Gruit is essentially a herb mixture used for bittering and flavouring beer - an alternative (or perhaps an antecedent) to hops, which was used extensively in the eleventh Century onwards, thanks mainly to the Holy Roman Emperor Henry IV. Henry essentially licensed the sale of gruit to local authorities, such as the clergy, which imposed a tax of sorts on beer production and made hops prohibitively expensive.
A licence to make gruit was a means of controlling local beer production and, as such, gruit recipes became closely guarded secrets.
It was another 150 years or so before hop use started to pick up again, and it wasn’t until the thirteen and fourteen hundreds that hops became the bittering and flavouring component of choice.
One of the original gruit recipes has remained until this day and is used by the brewers at the Dutch brewery Jopen to make today’s beer, which is a style of beer called Koyt.
Jopen’s Koyt is brewed according to the Haarlems Brouwerskeur, or city recipe of 1407. The brewery doesn’t disclose the full recipe but the key ingredient is gale which is a type of bog myrtle. According to Jopen, as legend has it, gale should be picked by naked witches under a full moon to avoid any unwanted hallucinatory effect. The website doesn’t mention whether this is still practised - but I am guessing that after the great witch hunts of the early 1400s, naked witches are hard to come by.
Let’s give this bog myrtle witches brew a go…
Pours a lovely mahogany colour with a cream head.

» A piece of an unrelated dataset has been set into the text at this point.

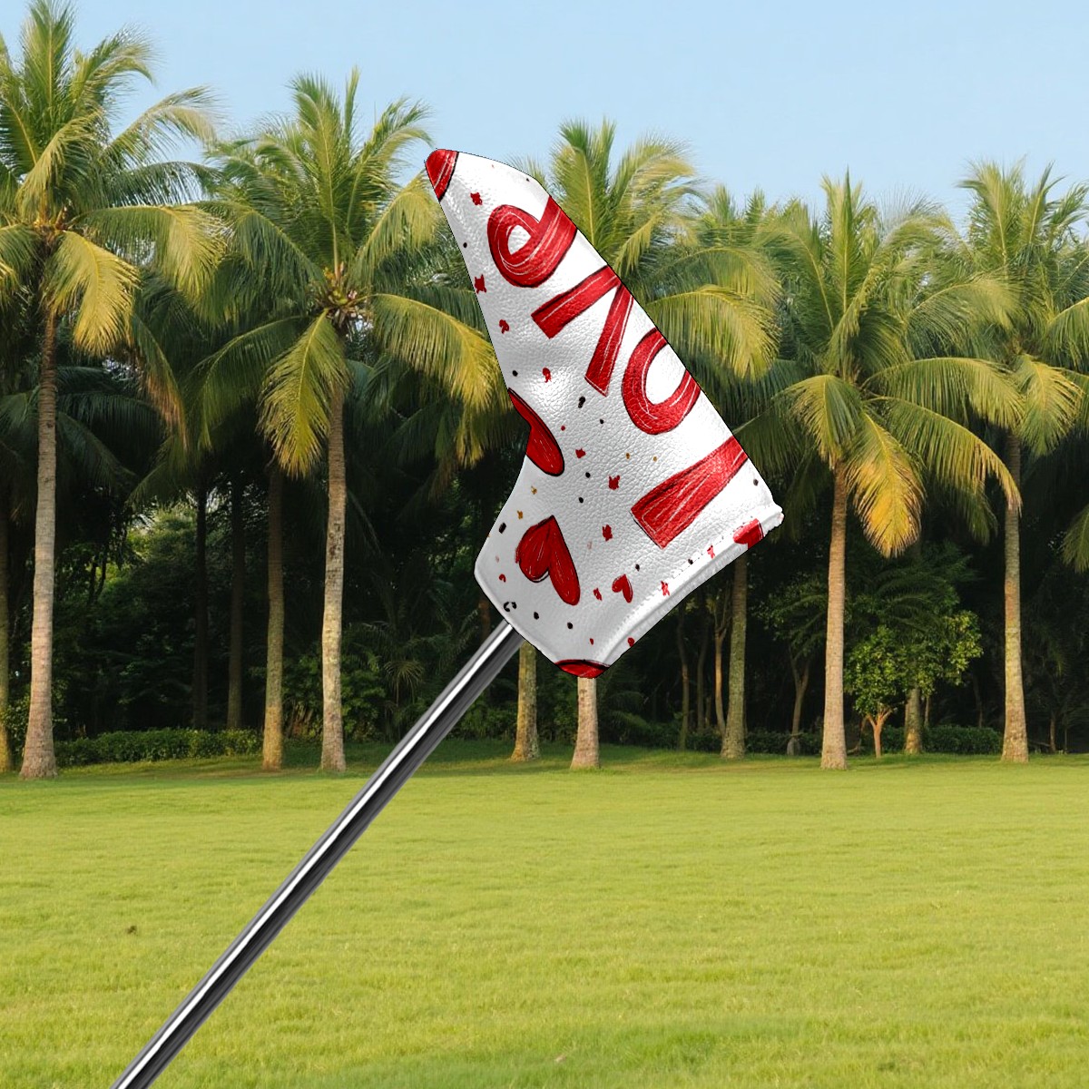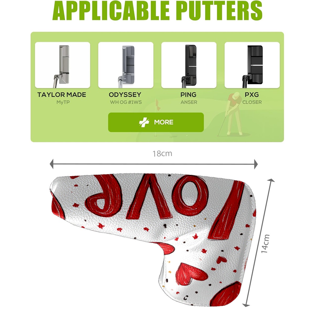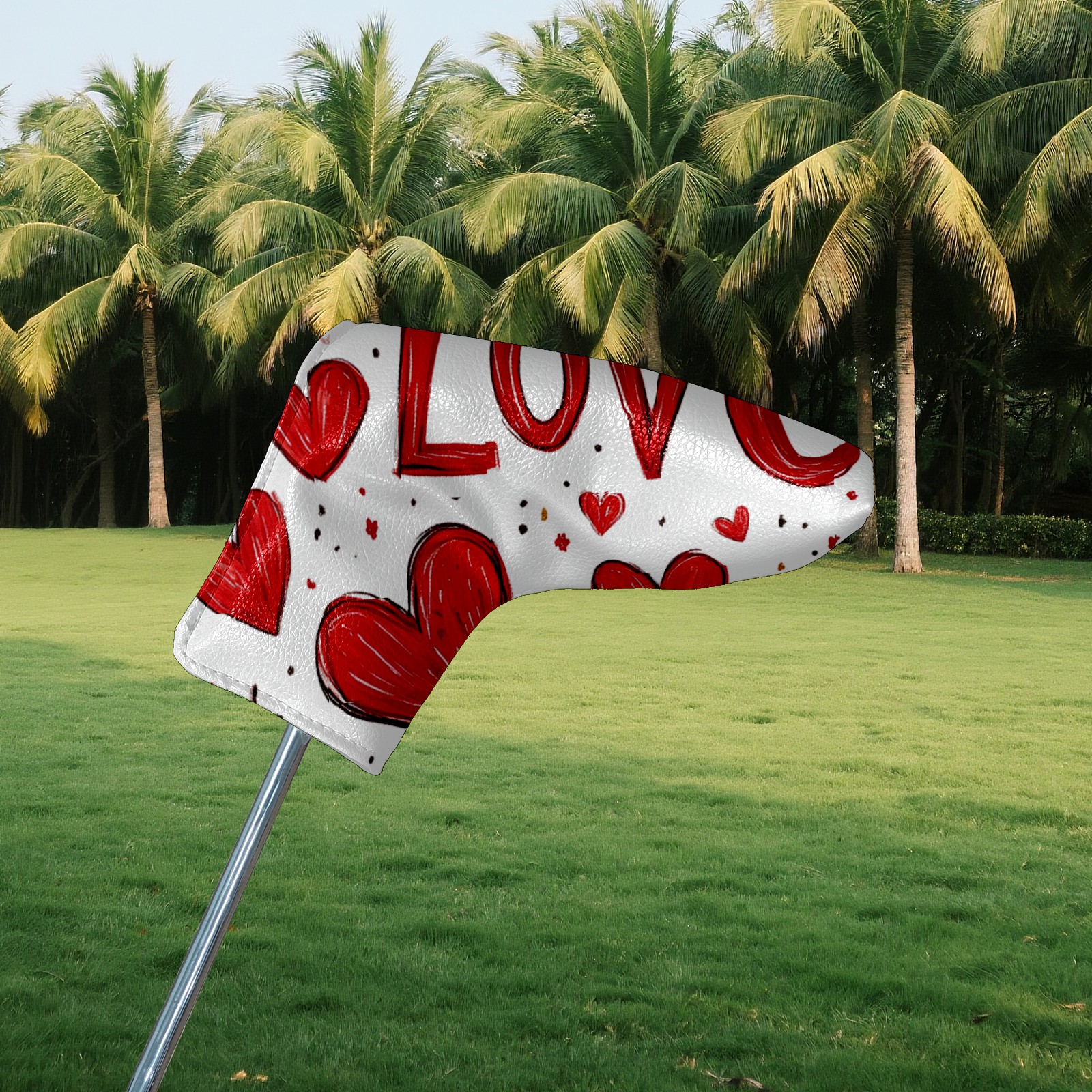 PU Leather Waterproof Golf Club Head Cover with Velvet Lining Golf Head Cover Suitable for Putters Golf Accessories for Men and Women Red Love Heart
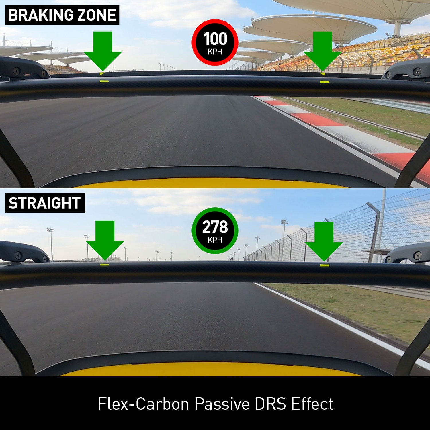 Our tests on the Shanghai F1 track demonstrates that the DRS-1 wing can passively drop back by ~1.5 degree of AOA at speeds between 150 to 270 km/h, resulting in an 8km/h increase in top speed compared to traditional wings. For the GT4 RS, this improvements translates to a lap time reduction of 0.5 seconds

The nose is malt forward, as the colour would suggest, with some interesting hints of cola, licorice and Sarsaparilla. The palate is rich with caramelised fruit notes and a savoury bitterness that smacks of hops as much as what I imagine the mythical bog myrtle might taste of. A fun drink that I can totally picture myself quaffing from a pewter goblet in a spit-and-sawdust pub hundreds of years ago.
This historical re-enactment by Jopen is something to marvel at and offers a real glimpse at a beer style of yesteryear. However, after further research, it would appear that the accuracy of beer history really is fogged by time and the antiquated means of reporting that existed hundreds of years in the past. There is a fair amount of ambiguity surrounding the real definition of the Koyt style. In short it’s very likely that the original Koyt was hopped and its popularity was instrumental in the demise of gruit beers. To confuse things further, the Jopen website gives this beer an EBU rating too, so presumably there is more than just gruit flavouring this beer?!
Whether this beer is a Koyt gone wrong or an intentional Koyt-gruit mash up, as ever with these things - the proof is in the pudding - and the pudding here is rather good.
It’s a nice reminder that semantics and beer labelling might make you sound smart - but they also cloud the issue, and won't necessarily help you enjoy a beer!